WE WANT OUR HOOKERS LEFT ALONE: If a Pro Football Hall of Famer needs something more strenuous than golf to fill his needs, fine. But if someone has to go to jail, let it be the Hall of Famer. A working girl’s got it hard enough without getting disturbed on some misdemeanor tampering charge during our national tribute to Caligula.
[NEWS: Ex-Raiders DT Sapp arrested for soliciting prostitute in AZ]
BETTER PRODUCTION VALUES FOR THE COMMISSIONER’S ADDRESS TO THE PEASANTS: Now that it is clear that Goodell is just going to do a full heel turn and spend his next Friday speech calling his company a collection of all-seeing, all-knowing gods and flipping off people he doesn’t like, he needs a spanglier costume. Maybe a suit made entirely of $1,000 bills, or sequins, or a torn T-shirt that reads, “I’M A COMMISSIONER, SO KISS MY GINGER A--.” I mean, haughty contempt and ill-disguised irritation at having to mingle with the proles is one thing, but doing it in a gray suit that blends in with the pile of soot behind you is not acceptable in this day and age. Pretty it up, Rog. You have a standard to downhold.
[RELATED: Goodell nails role as NFL owners' human shield]
WE WANT A STAND-UP COMEDY HALFTIME SHOW: Like most halftime show participants, Katy Perry was a spectacularly overproduced bore, and even the post-show attempts to out the arrhythmic shark dancer at her side came off as forced and half-hearted. Truth is, the halftime show is your ticket to working the state fair circuit, so why not a qualified stand-up or two who already know bad gigs all too well? There won’t be any robotic faux-fans pretending to be hanging around the stage by accident, there won’t be a need to ride onto the stage a gigantic metallic triceratops with diaper rash, and no spastic choreography to distract you from the fact that show business in America has become a steaming dumpster fire. The only caveat -- they have to be willing to deal with an audience of people who paid $12,500 per ticket who will probably not understand the jokes.

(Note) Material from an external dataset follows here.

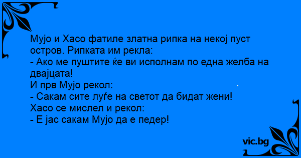 Мујо и Хасо фатиле златна рипка на некој пуст остров. Рипката им рекла:

In fact, let's cut to the chase and sign Key & Peele now. They get the Super Bowl better than anyone else on Earth, and they're not even half trying.
WE WANT PRICE-GOUGING, TRAFFIC ISSUES, MASSIVE INCONVENIENCES, NFL NETWORK SETS AS BIG AS UTAH AND A WEEK OF NEWS AND ENTERTAINMENT SURROUNDING B- AND C- AND EVEN D-LIST CELEBRI-MOPES YOU DON’T CARE ABOUT AND NEVER EVER WILL: We already know all that’s going to happen, so we wanted to give the NFL something it already knows how to do without much effort.
OH, AND WE WANT A WEIRDER ENDING THAN THE LAST ONE: We know there won’t be a more asinine play call than Pete Carroll’s, so that’s out, and in fact the one thing the Super Bowl has done pretty well over the years is provide game-deciding worth remembering. So really, we’re down to this:
Instead of the winning coach being doused with a gigantic bucket of colored sugar water with a familiar brand name, how about having said victor doused with a tub full of bees? It will be our way of saying, and we need this heard and understood, “You came, you saw, you robbed and pushed and poked and prodded and bored and annoyed us, and now you have to leave. And never, ever, ever return.”
Or maybe we can agree on a compromise. You can all come back, but leave Goodell at home. I mean, hosting a Super Bowl is enough of a buzzkill without him hanging around and making people wish they liked curling more.